A quick recap on GPU virtualization
Sharing GPUs helps flexibly respond to users’ demands in this type of hardware without sacrificing application performance and the overall cost efficiency of IT environments. Imagine a research group doing some machine learning where scientists have high-performance computing (HPC) cluster in their disposal. Training workloads are mostly run by scientists during research and development phases. Nobody runs intense machine learning/deep learning workloads around the clock; scientists have a lot of other things to do, like answering emails, cleaning data, and developing new ML algorithms. All that means that demand for GPUs by each user is highly irregular: sometimes users fight for GPU resource, sometimes the hardware idles. Here’s why sharing graphics devices among users is a good idea if a farm of GPUs is overkill.
What VMware changed
Few additions to own tech plus a couple of third-party technologies allowed VMware to achieve incredibly low performance overhead due to virtualization.
First, VMware has added support for Blast Extreme – a remote display protocol designed to deliver graphics-intense virtual workloads – to VMware Horizon. The protocol offers the lowest CPU and power consumption.
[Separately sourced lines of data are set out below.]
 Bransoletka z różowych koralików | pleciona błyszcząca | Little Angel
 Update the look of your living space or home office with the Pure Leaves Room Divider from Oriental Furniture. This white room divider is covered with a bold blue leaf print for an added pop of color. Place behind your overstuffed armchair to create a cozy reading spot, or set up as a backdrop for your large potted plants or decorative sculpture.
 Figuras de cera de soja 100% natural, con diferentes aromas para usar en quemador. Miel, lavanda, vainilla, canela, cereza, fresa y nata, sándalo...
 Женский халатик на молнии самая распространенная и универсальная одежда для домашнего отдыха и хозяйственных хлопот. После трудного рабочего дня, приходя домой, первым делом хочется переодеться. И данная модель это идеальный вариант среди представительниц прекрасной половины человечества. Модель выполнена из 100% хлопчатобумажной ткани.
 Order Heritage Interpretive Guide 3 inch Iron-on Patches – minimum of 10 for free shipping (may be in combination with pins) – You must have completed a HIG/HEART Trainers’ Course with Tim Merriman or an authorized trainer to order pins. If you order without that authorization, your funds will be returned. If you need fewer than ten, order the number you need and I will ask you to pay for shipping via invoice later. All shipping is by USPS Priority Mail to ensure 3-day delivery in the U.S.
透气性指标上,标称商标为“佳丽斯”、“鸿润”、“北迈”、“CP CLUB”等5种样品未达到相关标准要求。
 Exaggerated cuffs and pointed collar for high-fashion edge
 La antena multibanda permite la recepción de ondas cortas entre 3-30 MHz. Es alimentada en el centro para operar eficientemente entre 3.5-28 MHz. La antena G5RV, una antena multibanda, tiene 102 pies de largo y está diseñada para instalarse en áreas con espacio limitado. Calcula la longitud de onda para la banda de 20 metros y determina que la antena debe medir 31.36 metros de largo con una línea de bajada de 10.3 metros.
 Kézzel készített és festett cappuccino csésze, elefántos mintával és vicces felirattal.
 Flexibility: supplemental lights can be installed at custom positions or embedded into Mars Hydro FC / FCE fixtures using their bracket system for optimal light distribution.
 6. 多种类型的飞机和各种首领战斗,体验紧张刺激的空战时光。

And, it works over TCP and UDP.
Tweaking ESXi configuration
Second, VMware disabled vMotion and introduced DirectPath I/O to eliminate any performance differences between bare-metal GPUs and virtual ones.
Why turn off vMotion? vMotion shuffles VMs around the whole environment to do load balancing across a system and avoid application downtime. Going from host to host, VMs are given RAM and CPU resources they need. For compute-intensive work though, it is vital to avoid overhead; vMotion has to be turned off. By disabling this feature, VMware literally pinned VMs to specific GPU. In this way, no performance is lost due to data transfers during migration, meaning more efficient utilization of GPUs.
Turning on DirectPath I/O enables the direct connection between a VM and CUDA driver, bypassing the hypervisor. This approach connects one VM to the specific GPU. Here’s a quick drawing of how DirectPath I/O works.
Third, VMware adopted Bitfusion’s FlexDirect – a technology that enables the hypervisor to attach and manage multiple GPUs. VMware knew that DirectPath I/O works great only if you have a single VM talking to a dedicated device. If there’s something GPU hungry running in that VM and it needs more power, GPUs are getting clustered with FlexDirect.
Fourth, vSphere supports Nvidia GRID, which is fit for multiple types of workloads. GRID enables to carve up a GPU at multiple virtual devices so that each user is provided own resource. Previously, this technology supported GPU virtualization only for graphics workloads. Since introduction of Pascal GPU, Nvidia GRID supports GPU virtualization for not only graphics but also things like machine learning/deep learning based on TensorFlow, Keras, etc. Keep in mind that only GPU local memory can be shared not the computational cycles.
Did VMware succeed in GPU virtualization?
Virtualization of GPU worked out great for VMware.
Training a language model based on TensorFlow resulted in 3-4% performance hit compared to a bare-metal implementation.
VMware also ran several performance tests after marrying its hypervisor with Singularity, a container tech for HPC workloads. In other words, they conjoined containers’ ability to make applications portable and VM’s ability to operate in a shared environment; sounds like an oxymoron, but VMware decided to try it. They embedded a single container per VM to prove that a GPU can be shared in such environment. VMware divided their test GPU into four pieces, running a vSphere-Singularity VM on each. For 17% performance trade-off, GPU showed three times higher throughput once shared.
VMware is not alone. Who’s else developing GPU virtualization?
AMD and Intel.
AMD’s bet is MxGPU which is based on SR-IOV. The main idea behind SR-IOV is virtualization of network adapters. AMD knows how to make it fit for GPU virtualization. The company reported that it managed to distribute GPU power equally among 16 users.
Intel develops a solution based on Citrix XenServer 7. Intel’s tech merges a VM and GPU driver. By virtualizing GPU in that way, Intel expects to enable hundreds of users to access GPU at a time.
Nowadays, no one virtualizes rendering, modeling, simulations, and tasks related to machine learning. VMware breaks the glass ceiling by making its products fit for these purposes.
By 2022, this tech will bring manufacturers of HPC solutions $45 billion; that’s 29% higher than forecasts made two years ago. There may also come some solutions that make GPU virtualization more efficient.
Now, let’s get back to the hardware for a while. Engineers try to assemble graphics processors and CPUs on one chip to get the best of two worlds. This approach will incredibly boost data processing incredibly and ensure smart utilization of data center resources. It saves more space after all!